Значит, Мане пришлось мчаться на своем «шевроле» за город, виляя по узким, уставленным «кирпичами» и милицией дорогам; сам он был здоров как бык, но тоже регу­лярно ложился на обследования под давлением личного врача, силившегося любыми средствами оправдать свое существование («Зря вычистили евреев, что могут эти бла­тари с чистыми анкетами?» — ворчал Маня, теребя свой «ежик», и вспоминал, как сладко и легко жилось ему до того, как бросили его на укрепление Монастыря в величественном сером доме на Застарелой площади, где ласково–вкрадчивые и по–рабочему крепкие ру­копожатия в кабинетах и глухая тишина в коридорах, лишь иногда разрывает ее трепет бумаг: это, как испуганная лань, летит по ковровой дорожке референт на доклад к на­чальству).

Маня, Маня! Озорник Алекс приклеил ему эту кличку лишь потому, что ни густой «ежик», ни остатки татуировки, ни прямой, мужественный взгляд не могли скрыть его уди­вительно бабьего облика — баба это была, старая кисельная баба: повяжи ей вокруг «ежика» и почти отсутствующего подбородка оренбургский платок — и не отличить ее от старушенций, сидящих в любой деревне на скамейке у дома и глазеющих на проезжаю­щие автомобили.

Знатоки относили Маню к разряду трудных шефов.
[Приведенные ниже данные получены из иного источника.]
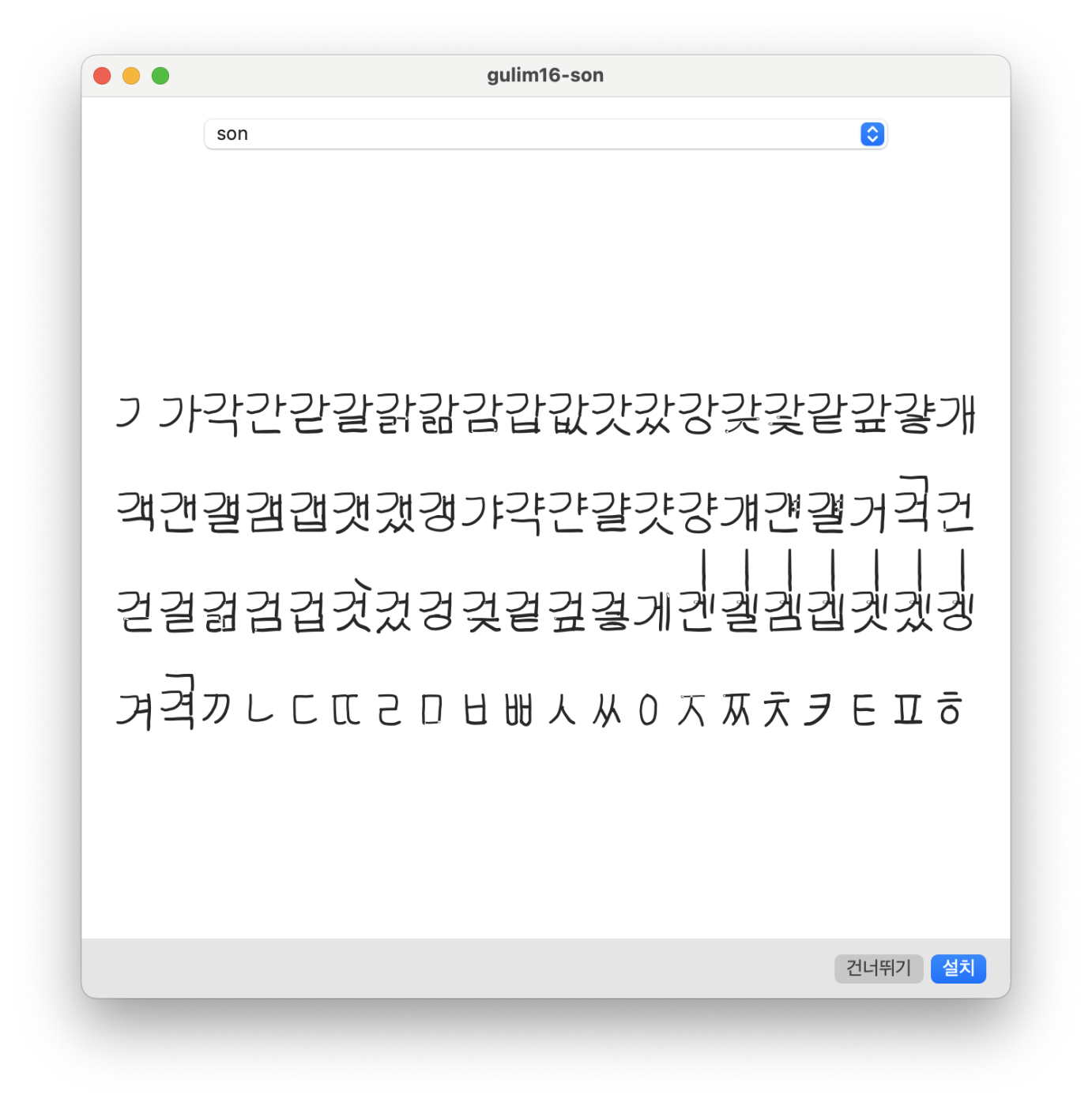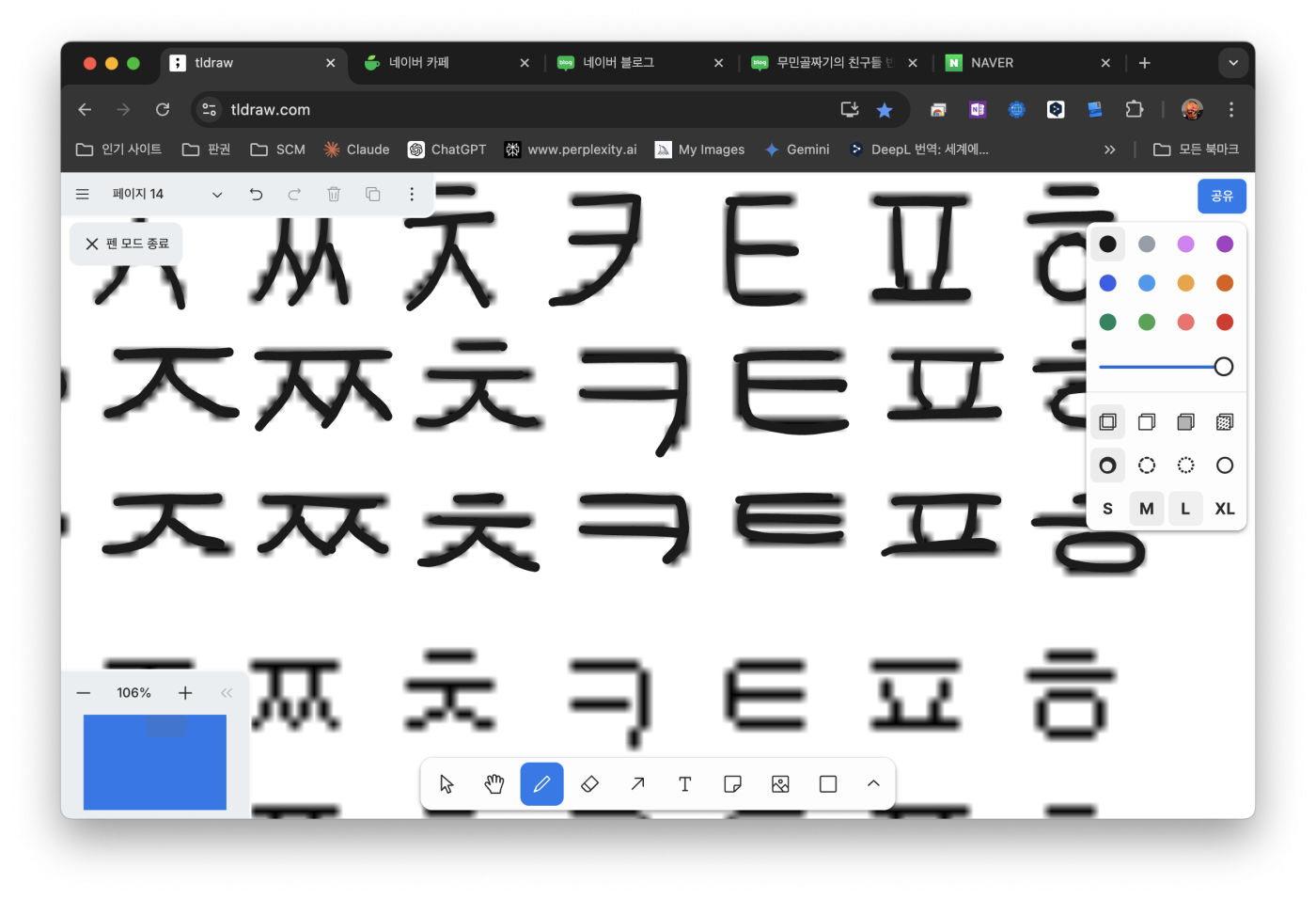 밑그림의 글자 위에 손글씨 느낌이 나게 tldraw로 초성, 중성, 종성 모양대로 그려줍니다. 같은 ㅎ 자도 어디에 위치하느냐에 따라 모양이 모두 다른 것을 감안해서 그려줘야 하며 256자 기준으로 작업하면 되는데 눈이 침침해서...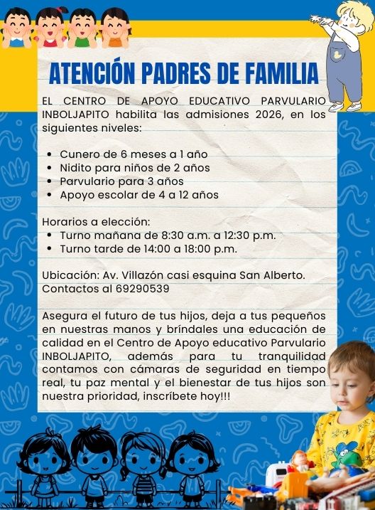 InicioRadio CambalacheCentro de Apoyo... Centro de Apoyo Educativo Parvulario INBOLJAPITO Por Equipo de Edición 5 enero, 2026 - 12:34 FacebookWhatsAppTwitter Últimas Noticias Mhoni Vidente revela los horóscopos del 5 al 8... Nacional Marcha de la COB desciende rumbo a La Paz para reunirse con el Gobierno ¿Sabía usted? Tres sacerdotes en busca de señales, magos que no hacen magia y la leyenda de una fiesta que une a pueblos y generaciones Internacional Cuba confirma la muerte de 32 militares de la isla en el ataque contra Venezuela Nacional ¡Confirmado! Estas son las fechas y el cronograma para las inscripciones escolares 2026 Continua leyendo Radio CambalacheTaller Gratuito sobre salud visual Radio CambalacheComunicado – Comunidad Franciscana Radio CambalacheInvitación a cursos: Arreglos florales y Producción agroecológica

Если его предшественник Бобер подписывал любой документ легко и не читая (взбучки за глупости и ошибки он давал страшные, устраивал настоящее аутодафе, говорили, однажды проломил кулаком стол, некоторых даже выносили в глубоком и искреннем обмороке, поэтому все бумаги готови­лись тщательно и с учетом его твердого стиля), то Маня прочитывал все от начала до конца, вгрызаясь в каждое слово и даже пунктуацию (!), и, прежде чем поставить свою закорючку (некий глубокомысленный вензель, разработанный им еще во время трудов на тракторном заводе), правил и правил разными карандашами, рассыпал весь документ на части и собирал воедино совершенно в другой последовательности, приказывал все пе­репечатать, снова все перечитывал, иногда приходил в ярость от бестолковости испол­нителя, но чаще всего оставался доволен своею работой.

Бобер лишь в редких случаях удостаивал документ своей резолюции (обычно с его слов это делал помощник: хитер был Бобер, не любил оставлять следов и, если дело разлезалось по швам, всегда снимал стружку с помощника, якобы исказившего его муд­рейшие распоряжения), Маня же из–за любви к печатному слову и привязанности к мек­ленбургской словесности (на самой последней работе в Доме он занимался идеологией, защитил кандидатскую о Принципах и считал себя виртуозом пера) не резолюции писал, а целые эссе, писал со страстью и душой, иногда даже на отдельных страницах, пока, наконец, мудрый Челюсть, охраняя репутацию шефа (и свою тоже), не убедил его уме­рить пыл и ограничиться такими содержательными формулировками, как «Пр. перегово­рить» или «Обсудим».

Но от правок Маню отучить не удалось: при виде любого текста зажигались хищны­ми искрами его прямодушные глаза, мятое лицо розовело от предстоящего наслаждения, он долго выбирал по цвету, по длине, по внешнему виду, по марке ручку или карандаш — они лежали и стояли на мраморном письменном приборе в загадочном беспорядке — и впивался в документ с ретивостью изголодавшегося бульдога, сжимал скулы, играл жел­ваками и превращался на миг в мужчину — пух и перья летели в разные стороны, словно пес раздирал на части лебяжью перину.